D'une part le Esteren "post apo médiéval", avec des communautés précaires qui risqueraient constamment de se faire balayer par une horde féonde. En dehors des routes officielles sécurisées à grand peine, les voyages relèveraient de la roulette russe avec un chargeur à moitié plein. Dans cette optique, on est dans la survie face à la menace féonde, et les mystères qui entourent l'univers prennent des allures de quête désespérée pour tenter de trouver un remède avant qu'il ne soit trop tard, avec toujours la crainte que ce remède n'existe pas. L'horreur, quant à elle, se trouve dans la monstruosité physique des féondas qui parodient l'humanité, mais aussi dans l'humanité elle-même, parce que même dans un contexte aussi précaire, elle parvient encore à se faire des sales coups bien vicieux.
Et de l'autre, Esteren comme ce qu'il est aujourd'hui, avec une menace féonde relevant davantage de la superstition. L'horreur est davantage suggérée, plus diffuse. L'aspect "survie" est moindre, ce qui permet de développer davantage l'aspect psychologique et politique des choses.

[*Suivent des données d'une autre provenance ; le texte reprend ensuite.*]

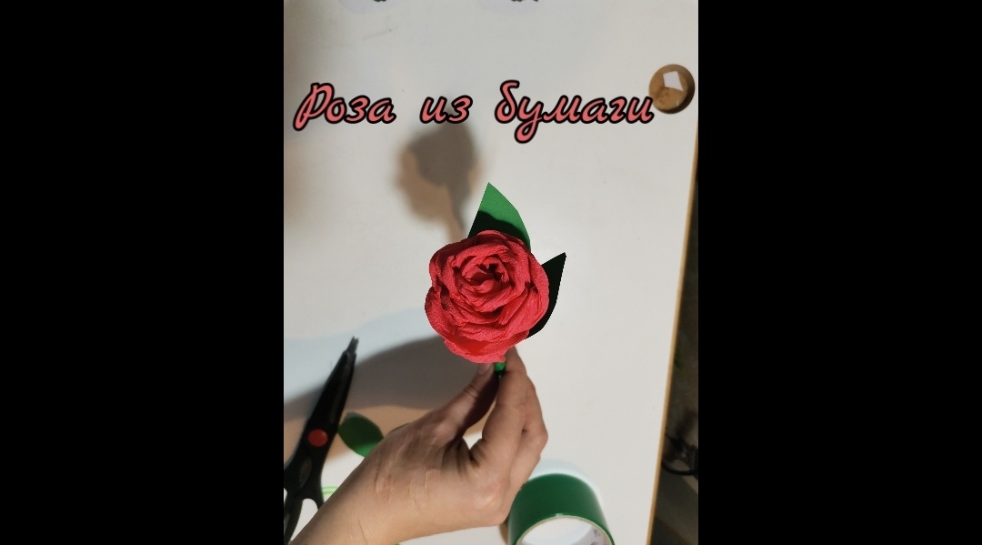 ΠΡΠ΅ΠΌ ΠΏΡΠΈΠ²Π΅Ρ! Π ΡΠ΅Π³ΠΎΠ΄Π½ΡΡΠ½Π΅ΠΌ ΠΌΠ°ΡΡΠ΅Ρ ΠΊΠ»Π°ΡΡΠ΅ Ρ ΠΏΠΎΠΊΠ°ΠΆΡ ΠΈ ΡΠ°ΡΡΠΊΠ°ΠΆΡ ΠΊΠ°ΠΊ ΡΠ΄Π΅Π»Π°ΡΡ ΠΏΡΠ΅ΠΊΡΠ°ΡΠ½ΡΡ ΡΠΎΠ·Ρ ΠΈΠ· ΠΊΡΠ΅ΠΏΠΈΡΠΎΠ²Π°Π½Π½ΠΎΠΉ Π±ΡΠΌΠ°Π³ΠΈ. ΠΠ° Π±ΡΠΌΠ°Π³Π΅ ΠΎΡΠΌΠ΅ΡΠ°Π΅ΠΌ ΡΠΈΡΠΈΠ½Ρ 10 ΡΠΌ ΠΠ»ΠΈΠ½Ρ 60 ΡΠΌ ΠΠΎΠ΄Π²ΠΎΡΠ°ΡΠΈΠ²Π°Π΅ΠΌ ΡΠ³ΠΎΠ» 2 ΡΠ°Π·Π° ΠΠΎΠ΄ ΠΊΡΠ°ΠΉ ΠΊΠ»Π°Π΄Π΅ΠΌ ΠΏΠ°Π»Π΅Ρ Π΄ΡΡΠ³ΠΈΠΌ ΠΏΠΎΠ΄Π²ΠΎΡΠ°ΡΠΈΠ²Π°Π΅ΠΌ Π±ΡΠΌΠ°Π³Ρ ΡΡΠΎ Π±Ρ ΠΏΠΎΠ»ΡΡΠΈΠ»ΠΎΡΡ ΡΠΊΡΡΡΠΈΠ²Π°Π½ΠΈΠ΅. ΠΠ΅Π»Π°Π΅ΠΌ ΡΠΊΡΡΡΠΈΠ²Π°Π½ΠΈΠ΅ ΠΏΠΎ Π²ΡΠ΅ΠΉ Π΄Π»ΠΈΠ½Π΅ ΠΠ°Π»Π΅Π΅ ΡΠ²ΠΎΡΠ°ΡΠΈΠ²Π°Π΅ΠΌ Π±ΡΠΌΠ°Π³Ρ ΡΠΊΡΡΡΠΈΠ²Π°Π½ΠΈΠ΅ΠΌ Π½Π°ΡΡΠΆΡ ΠΠΎΡΠ»Π΅ ΡΠ²ΠΎΡΠ°ΡΠΈΠ²Π°Π½ΠΈΡ ΡΠΊΡΠ΅ΠΏΠ»ΡΠ΅ΠΌ ΠΎΡΠ½ΠΎΠ²Π°Π½ΠΈΠ΅ Π±ΡΡΠΎΠ½Π° ΡΠ΅Π·ΠΈΠ½ΠΊΠΎΠΉ ΠΈΠ»ΠΈ Π½ΠΈΡΠΊΠΎΠΉ ΠΠΎΡΠ»Π΅ ΡΠΊΡΠ΅ΠΏΠ»Π΅Π½ΠΈΡ ΠΎΡΠ½ΠΎΠ²Π°Π½ΠΈΡ ΡΠ΅Π·ΠΈΠ½ΠΊΠΎΠΉ. ΠΡΡΠ°Π²Π»ΡΠ΅ΠΌ ΠΏΠ°Π»ΠΎΡΠΊΡ Π΄Π»Ρ ΡΡΡΠΈ Π² ΡΠ΅Π½ΡΡ Π±ΡΡΠΎΠ½Π° ΡΡΠΎ Π±Ρ ΠΏΠΎΠ»ΡΡΠΈΠ»ΡΡ ΡΡΠ΅Π±Π΅Π»Ρ Π’Π°ΠΊΠΆΠ΅ ΠΏΠΎΠ΄Π³ΠΎΡΠΎΠ²ΠΈΠΌ Π·Π΅Π»Π΅Π½ΡΠ΅ Π»ΠΈΡΡΠΎΡΠΊΠΈ ΠΡΠΈΠ»ΠΎΠΆΠΈΠΌ Π»ΠΈΡΡΠΎΡΠΊΠΈ, Π·Π°ΠΊΡΠ΅ΠΏΠΈΠΌ ΡΠ²Π΅ΡΠ½ΡΠΌ ΡΠΊΠΎΡΡΠ΅ΠΌ ΠΏΠΎ Π²ΡΠ΅ΠΉ Π΄Π»ΠΈΠ½Π΅ ΠΠΎΡ ΡΠ°ΠΊΠ°Ρ Π·Π°ΠΌΠ΅ΡΠ°ΡΠ΅Π»ΡΠ½Π°Ρ ΡΠΎΠ·Π° ΠΏΠΎΠ»ΡΡΠΈΠ»Π°ΡΡ. ΠΠΈΠΆΠ΅ Ρ ΠΎΡΡΠ°Π²Π»Ρ Π²ΠΈΠ΄Π΅ΠΎ Ρ ΠΏΠΎΠ΄ΡΠΎΠ±Π½ΡΠΌ ΠΎΠΏΠΈΡΠ°Π½ΠΈΠ΅ΠΌ . Π‘ΠΏΠ°ΡΠΈΠ±ΠΎ Π·Π° Π²Π½ΠΈΠΌΠ°Π½ΠΈΠ΅! ΠΡΠ΄Ρ ΡΠ°Π΄Π° Π²Π°ΡΠΈΠΌ π , Π° ΡΠ°ΠΊΠΆΠ΅ ΠΊΠΎΠΌΠΌΠ΅Π½ΡΠ°ΡΠΈΡΠΌ ΠΈ ΠΏΠΎΠ΄ΠΏΠΈΡΠΊΠ°ΠΌ.

Enfin, la quête des secrets serait perçue comme plus métaphysique, "le savoir pour le savoir", sans qu'une nécessité impérieuse se fasse forcément sentir.
J'ai toujours été partagé entre ces deux optiques, et je me demande si la première ne reflète pas les attentes des lecteurs qui se focalisent sur la menace féonde.
Edit : post de Casaïr entretemps... et je suis assez d'accord sur tous les points que tu soulèves. (Et oui, j'aime aussi cette idée selon laquelle l'humanité s'est amollie parce que la période était douce, et qui redécouvre dans la douleur le quotidien "légendaire et supposé exagéré" de ses ancêtres...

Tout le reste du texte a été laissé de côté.